**SUPPLIED RECORDS:**
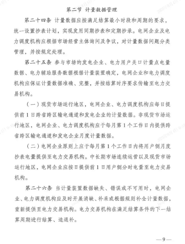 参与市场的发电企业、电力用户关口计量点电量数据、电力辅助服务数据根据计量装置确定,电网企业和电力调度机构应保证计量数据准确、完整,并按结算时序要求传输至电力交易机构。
---
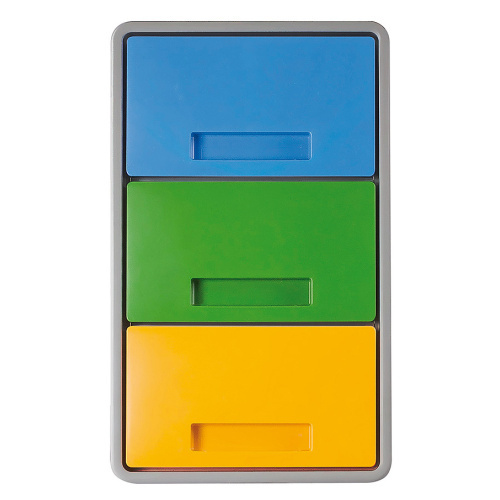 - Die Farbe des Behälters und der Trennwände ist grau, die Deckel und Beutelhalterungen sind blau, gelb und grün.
--
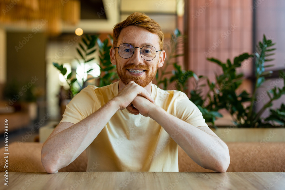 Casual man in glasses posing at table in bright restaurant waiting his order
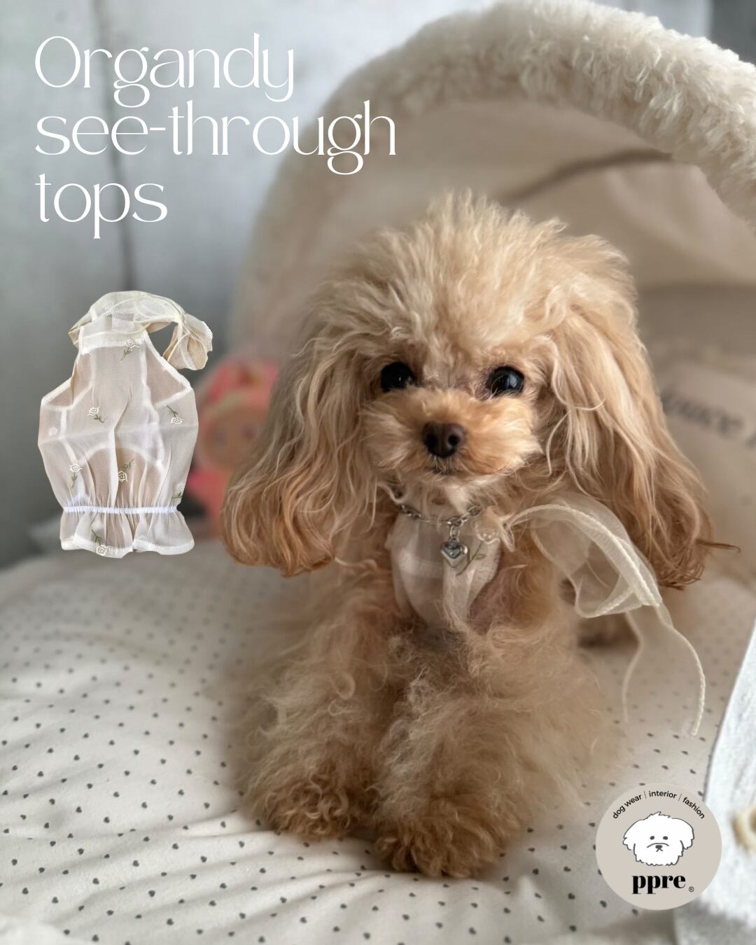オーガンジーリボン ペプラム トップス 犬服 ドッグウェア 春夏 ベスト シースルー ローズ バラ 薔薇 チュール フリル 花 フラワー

**ACTIVITY:**
Copy only these lines from the records above, exactly: the one with "Casual man in", the one with "オーガンジーリボン ペプラム トップス", and those between. Skip the pictures.

**SOLVED EXERCISE:**
 Casual man in glasses posing at table in bright restaurant waiting his order
オーガンジーリボン ペプラム トップス 犬服 ドッグウェア 春夏 ベスト シースルー ローズ バラ 薔薇 チュール フリル 花 フラワー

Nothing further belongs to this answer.